Not being able to obtain a full supply of cartridges for my increased forces, I am going to establish a manufactory of them here. Whenever you can spare a few guns for Leesburg, pray send them. Yours very truly,

Appendix to Chapter VIII.

General Sam. Jones's statement concerning strategic portion of General Beauregard's report of the battle of Manassas.

camp at Centreville, Nov. 9th, 1861.
General,—I have examined the extract which you handed to me, from your report giving the strategy of the battle of Manassas, and find it, so far as my memory serves me, substantially the same as that dictated by you to me on the night of the 13th July last as a memorandum for the use of Colonel James Chestnut, who was the next morning to repair to Richmond to urge upon the government the importance of adopting its recommendations; not much importance being attached to the joint action of General Holmes, who was supposed to have but few troops to dispose of, he, I think, was not mentioned in the memorandum, but only referred to incidentally in your verbal instructions to Colonel Chestnut.

I have a very clear recollection of your instructions to Colonel Chestnut, as I wrote the memorandum myself under your dictation, and after a long and free conversation with you on the general plan of campaign, and especially of the then impending battle.

Very faithfully yours,

Sam. Jones, Brig.-Genl. Genl. G. T. Beauregard, C. S. A.

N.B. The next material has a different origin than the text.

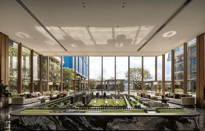 建筑设计:抬高约 2 米打造悬浮式环水岛居,规划 “低密洋房 + 当代逸墅” 纯粹住区。洋房采用 “超流体” 美学立面,阳台进深最大 2.8 米,270° 广角观景视野,私密性高;当代逸墅配备独立入户门厅及最大约 400 平方米私家花园。

Centreville, Va., Nov. 9th, 1861.
The above statement of General Sam. Jones agrees perfectly well with my recollections of the matter referred to.

G. T. Beauregard, Genl. C. S. A.

1. Telegram from Colonel John S. Preston to General Beauregard, about concentration of Generals Johnston and Holmes's forces with army at Manassas.

Richmond, July 15th, 1861.
General Beauregard:
Matter under deliberation. Have had two interviews. Await an answer, Troops will be sent and some equipment for militia.